* _INFORMATION GIVEN_
────────

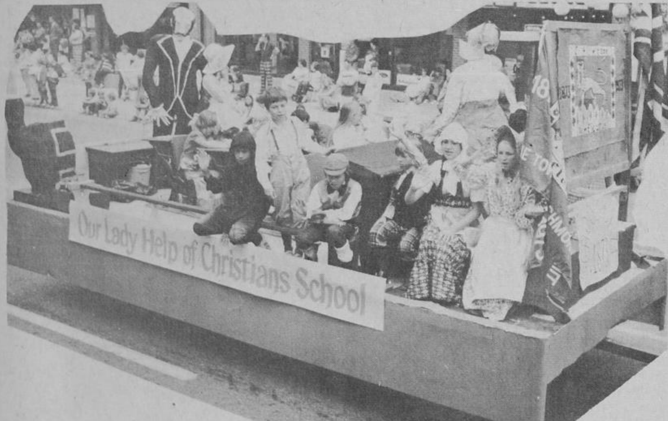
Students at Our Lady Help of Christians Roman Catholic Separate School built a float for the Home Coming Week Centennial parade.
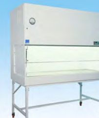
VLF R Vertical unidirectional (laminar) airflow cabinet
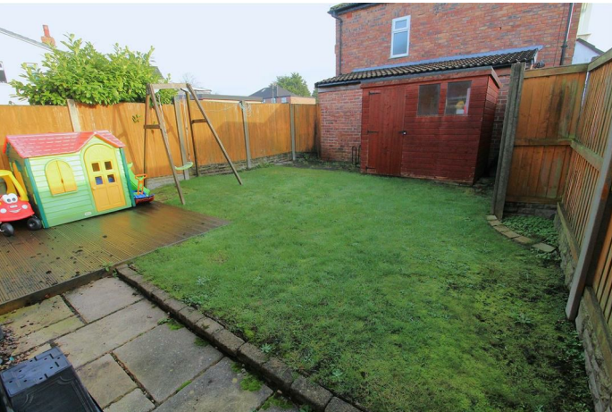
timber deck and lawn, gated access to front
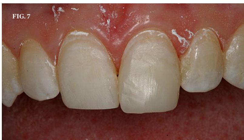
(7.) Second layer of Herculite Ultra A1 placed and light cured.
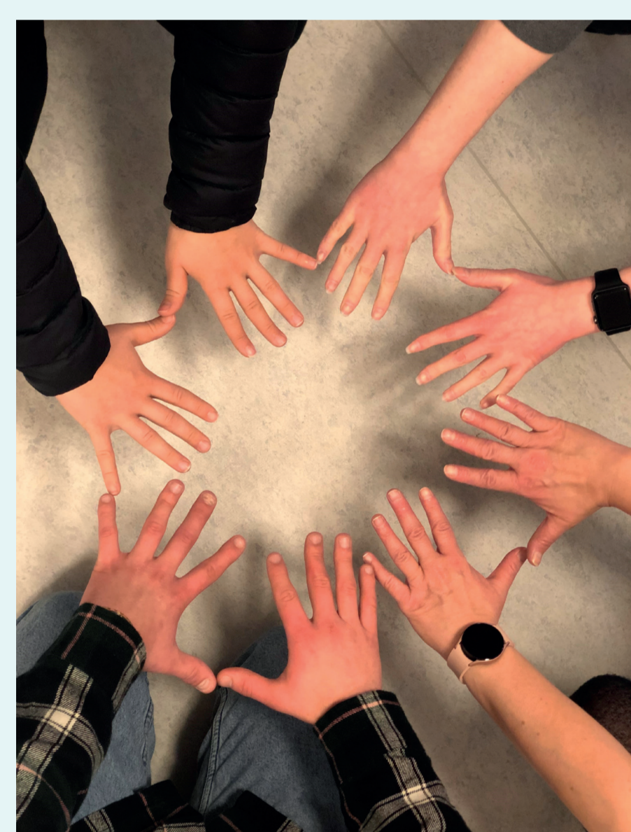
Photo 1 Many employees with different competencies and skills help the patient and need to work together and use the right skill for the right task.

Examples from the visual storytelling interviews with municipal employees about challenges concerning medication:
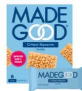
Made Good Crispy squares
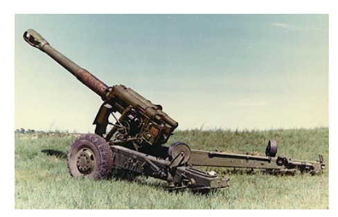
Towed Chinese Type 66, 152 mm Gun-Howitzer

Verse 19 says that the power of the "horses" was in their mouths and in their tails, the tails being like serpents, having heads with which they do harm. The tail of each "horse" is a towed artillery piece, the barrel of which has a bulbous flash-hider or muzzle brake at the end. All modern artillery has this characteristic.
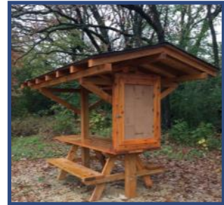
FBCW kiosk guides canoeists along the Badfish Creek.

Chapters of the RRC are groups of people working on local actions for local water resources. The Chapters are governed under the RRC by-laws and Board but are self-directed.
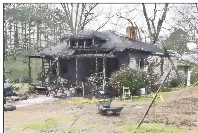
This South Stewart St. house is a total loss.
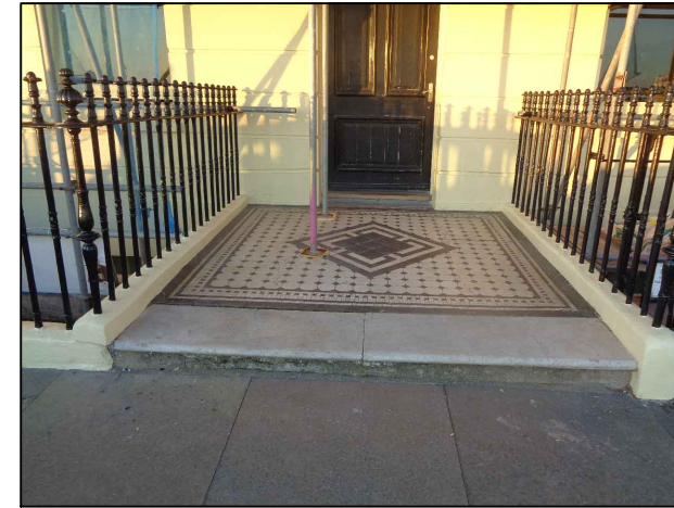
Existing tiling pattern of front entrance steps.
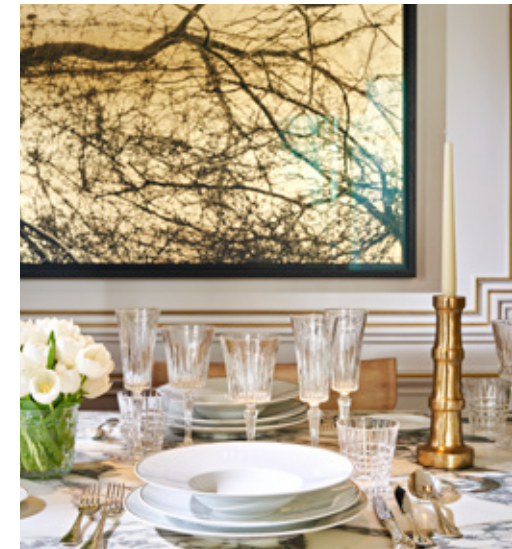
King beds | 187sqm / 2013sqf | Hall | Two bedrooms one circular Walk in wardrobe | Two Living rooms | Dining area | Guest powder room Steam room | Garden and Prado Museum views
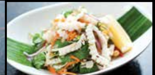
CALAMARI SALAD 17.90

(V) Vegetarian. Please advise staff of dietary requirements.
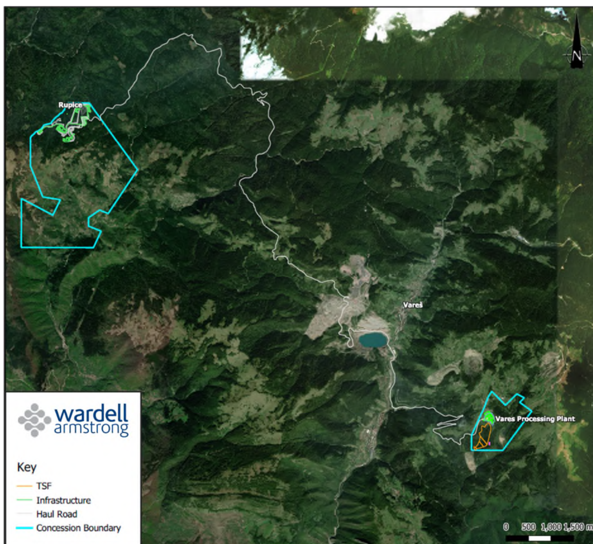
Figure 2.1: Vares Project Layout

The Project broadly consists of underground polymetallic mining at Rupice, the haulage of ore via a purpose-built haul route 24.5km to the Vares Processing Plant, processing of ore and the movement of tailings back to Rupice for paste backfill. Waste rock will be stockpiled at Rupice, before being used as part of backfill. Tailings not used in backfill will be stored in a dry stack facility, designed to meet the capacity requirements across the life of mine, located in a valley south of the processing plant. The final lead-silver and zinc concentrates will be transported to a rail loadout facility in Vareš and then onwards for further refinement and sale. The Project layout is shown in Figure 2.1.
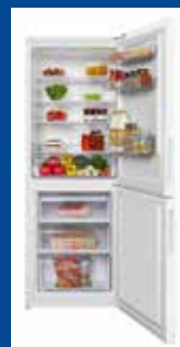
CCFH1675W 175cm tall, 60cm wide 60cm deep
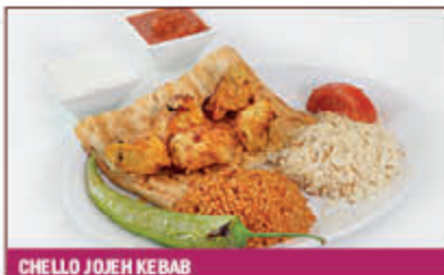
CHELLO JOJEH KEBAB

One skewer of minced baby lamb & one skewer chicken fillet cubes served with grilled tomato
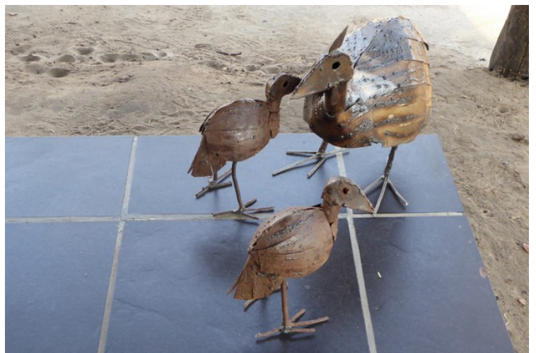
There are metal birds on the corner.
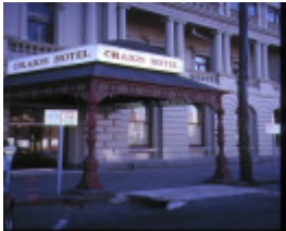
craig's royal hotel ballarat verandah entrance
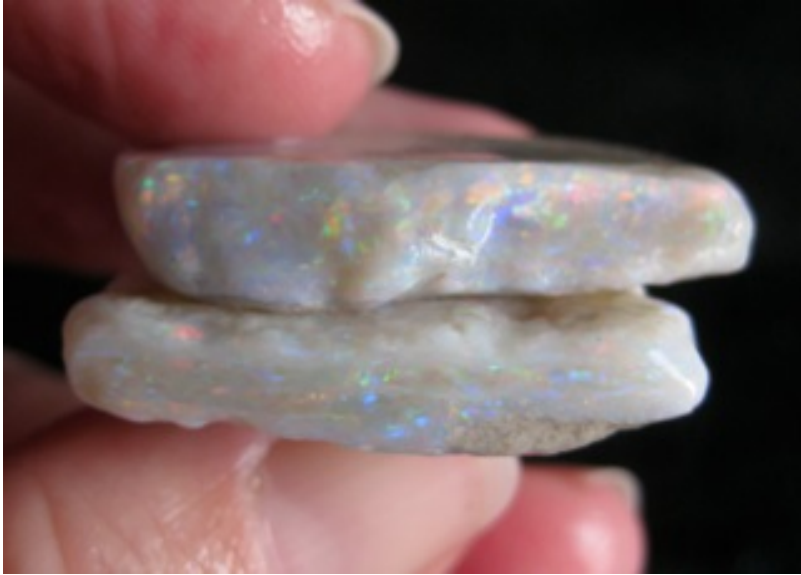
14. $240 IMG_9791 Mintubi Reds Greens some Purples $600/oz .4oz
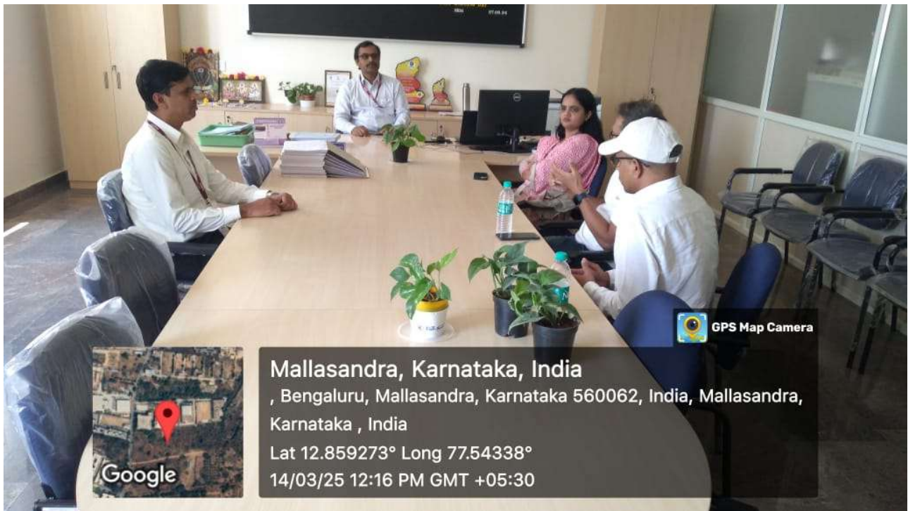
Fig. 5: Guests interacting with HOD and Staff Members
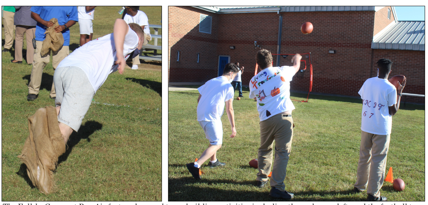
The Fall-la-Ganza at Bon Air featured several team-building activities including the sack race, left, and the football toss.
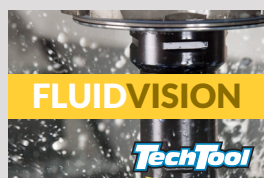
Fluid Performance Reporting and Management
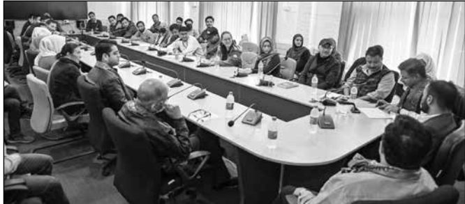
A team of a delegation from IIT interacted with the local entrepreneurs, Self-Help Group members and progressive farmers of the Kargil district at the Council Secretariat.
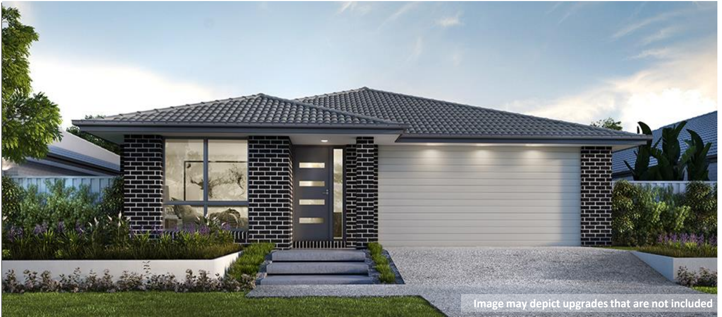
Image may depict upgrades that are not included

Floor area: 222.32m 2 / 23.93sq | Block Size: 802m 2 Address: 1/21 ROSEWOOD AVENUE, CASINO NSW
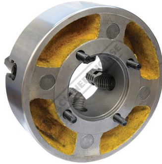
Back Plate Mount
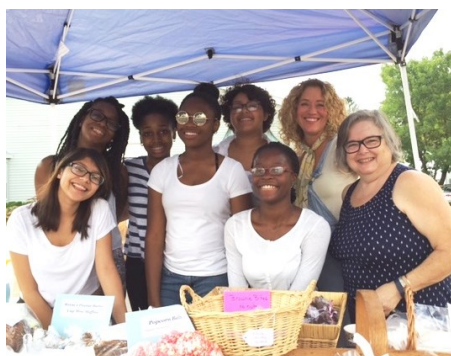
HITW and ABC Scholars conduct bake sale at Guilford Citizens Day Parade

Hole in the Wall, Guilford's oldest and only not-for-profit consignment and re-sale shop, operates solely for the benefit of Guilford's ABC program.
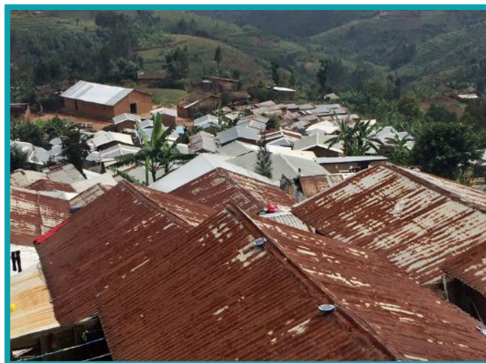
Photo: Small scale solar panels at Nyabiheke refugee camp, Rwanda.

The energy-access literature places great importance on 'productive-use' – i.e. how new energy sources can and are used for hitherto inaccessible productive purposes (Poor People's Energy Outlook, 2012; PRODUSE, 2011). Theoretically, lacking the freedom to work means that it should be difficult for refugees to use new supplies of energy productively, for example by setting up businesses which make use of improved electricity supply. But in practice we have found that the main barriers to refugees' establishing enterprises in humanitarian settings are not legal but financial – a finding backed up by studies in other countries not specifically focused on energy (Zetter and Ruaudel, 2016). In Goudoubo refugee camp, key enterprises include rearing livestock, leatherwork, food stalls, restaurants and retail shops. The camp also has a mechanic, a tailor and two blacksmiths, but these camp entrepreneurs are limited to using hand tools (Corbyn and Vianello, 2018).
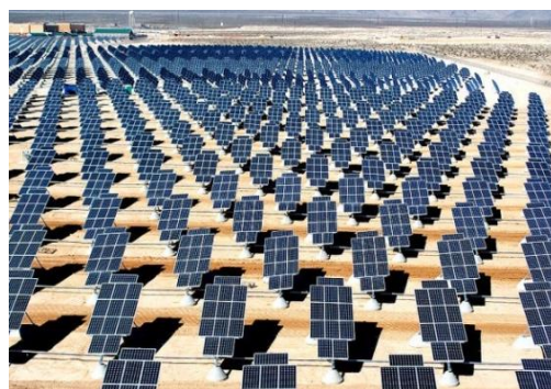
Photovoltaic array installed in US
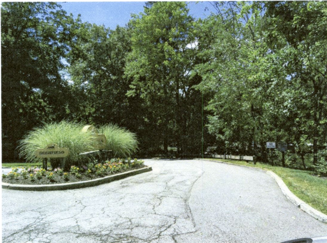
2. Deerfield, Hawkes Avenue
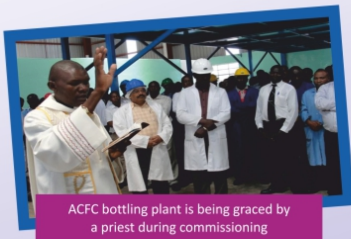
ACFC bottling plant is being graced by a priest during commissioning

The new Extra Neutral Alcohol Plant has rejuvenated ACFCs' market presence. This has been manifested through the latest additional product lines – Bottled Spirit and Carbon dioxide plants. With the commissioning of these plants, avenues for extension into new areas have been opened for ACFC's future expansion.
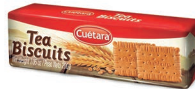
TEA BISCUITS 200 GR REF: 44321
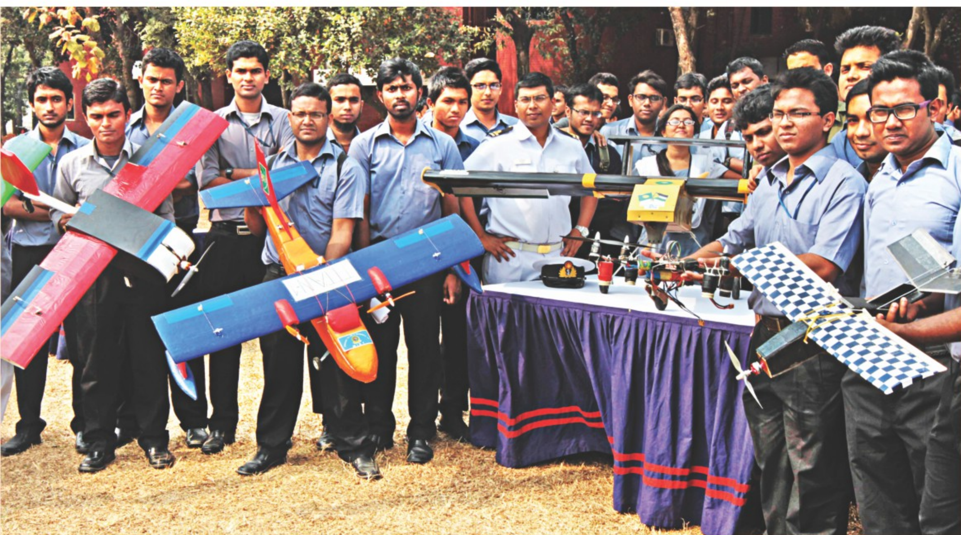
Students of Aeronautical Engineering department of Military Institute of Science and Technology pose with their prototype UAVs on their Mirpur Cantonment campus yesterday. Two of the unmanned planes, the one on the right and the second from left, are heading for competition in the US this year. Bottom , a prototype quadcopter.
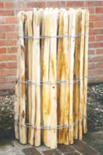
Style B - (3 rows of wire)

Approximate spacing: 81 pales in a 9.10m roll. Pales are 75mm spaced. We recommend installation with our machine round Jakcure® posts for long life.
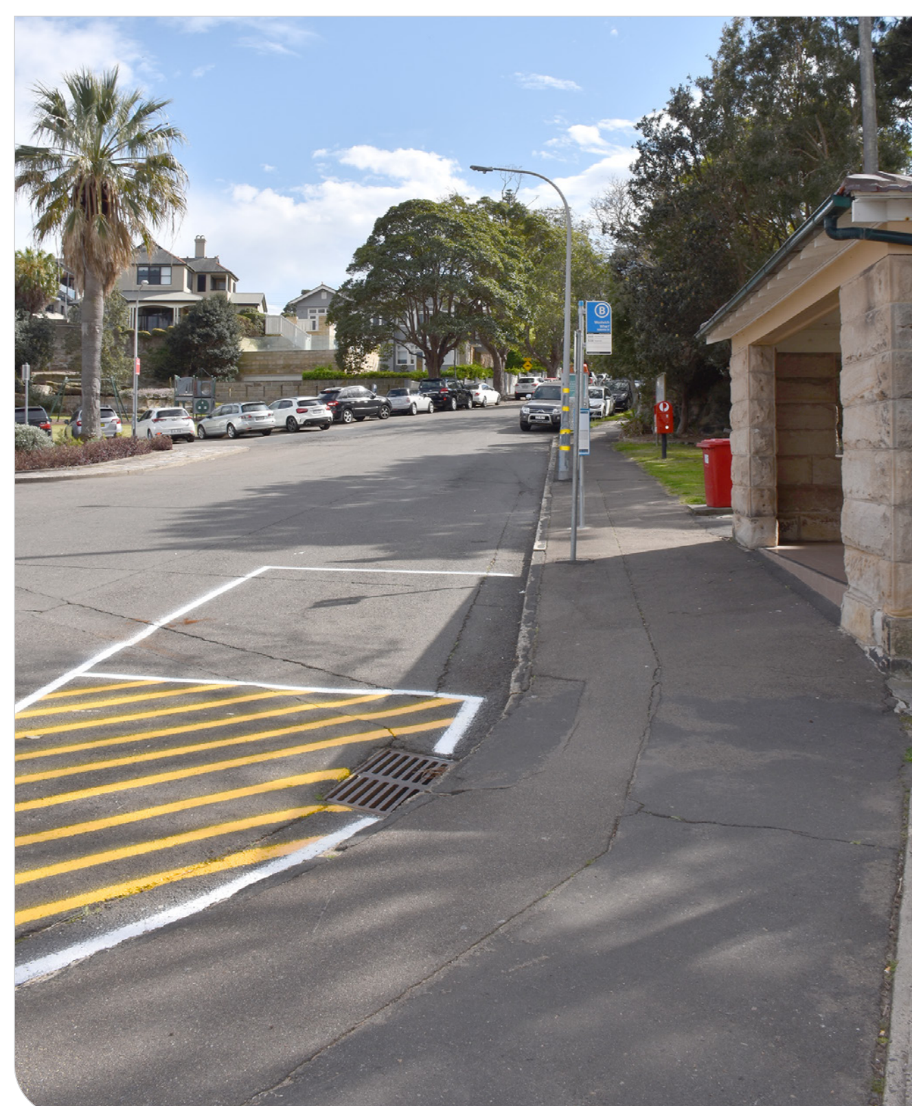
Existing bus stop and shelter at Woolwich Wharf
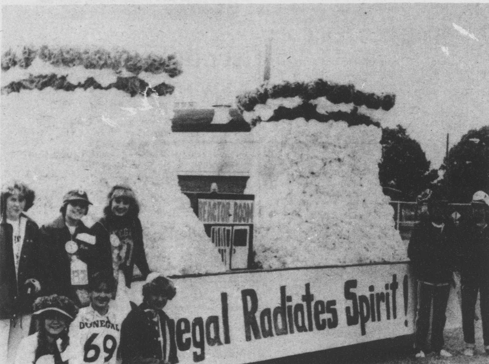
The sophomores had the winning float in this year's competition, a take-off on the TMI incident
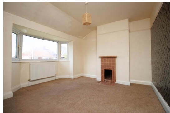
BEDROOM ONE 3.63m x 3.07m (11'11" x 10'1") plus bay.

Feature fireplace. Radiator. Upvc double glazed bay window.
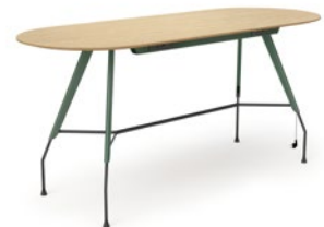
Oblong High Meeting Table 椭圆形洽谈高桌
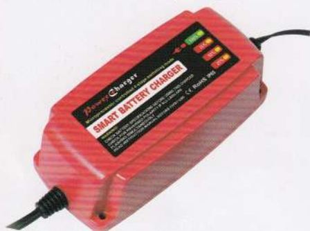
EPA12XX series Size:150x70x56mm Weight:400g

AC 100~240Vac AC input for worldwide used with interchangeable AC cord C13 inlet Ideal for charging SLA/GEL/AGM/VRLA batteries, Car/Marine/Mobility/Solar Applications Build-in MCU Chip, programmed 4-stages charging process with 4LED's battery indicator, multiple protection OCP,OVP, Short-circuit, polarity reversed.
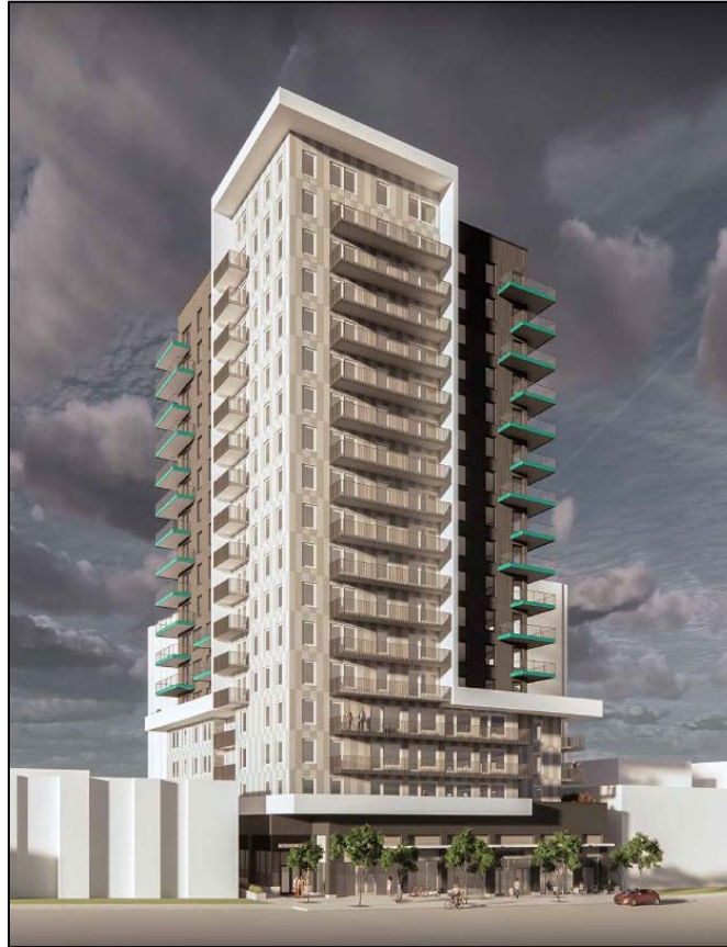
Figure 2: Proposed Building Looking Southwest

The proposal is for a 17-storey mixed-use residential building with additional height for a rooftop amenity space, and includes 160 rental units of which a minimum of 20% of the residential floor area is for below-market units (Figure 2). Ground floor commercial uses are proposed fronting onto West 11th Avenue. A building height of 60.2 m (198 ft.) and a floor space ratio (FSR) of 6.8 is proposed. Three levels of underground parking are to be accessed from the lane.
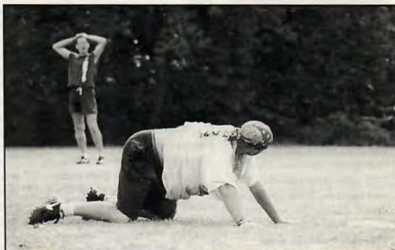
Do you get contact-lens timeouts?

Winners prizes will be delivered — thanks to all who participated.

────────

* _WHAT YOU HAVE TO DO_
With the pictures omitted, copy exactly the lines of the listing above starting at the line containing "One skewer of" and ending at the line containing "Photo: Small scale", both included.

* _SOLUTION TO THIS EXERCISE_
One skewer of minced baby lamb & one skewer chicken fillet cubes served with grilled tomato
There are metal birds on the corner.
craig's royal hotel ballarat verandah entrance
14. $240 IMG_9791 Mintubi Reds Greens some Purples $600/oz .4oz
Fig. 5: Guests interacting with HOD and Staff Members
The Fall-la-Ganza at Bon Air featured several team-building activities including the sack race, left, and the football toss.
Fluid Performance Reporting and Management
A team of a delegation from IIT interacted with the local entrepreneurs, Self-Help Group members and progressive farmers of the Kargil district at the Council Secretariat.
Image may depict upgrades that are not included

Floor area: 222.32m 2 / 23.93sq | Block Size: 802m 2 Address: 1/21 ROSEWOOD AVENUE, CASINO NSW
Back Plate Mount
HITW and ABC Scholars conduct bake sale at Guilford Citizens Day Parade

Hole in the Wall, Guilford's oldest and only not-for-profit consignment and re-sale shop, operates solely for the benefit of Guilford's ABC program.
Photo: Small scale solar panels at Nyabiheke refugee camp, Rwanda.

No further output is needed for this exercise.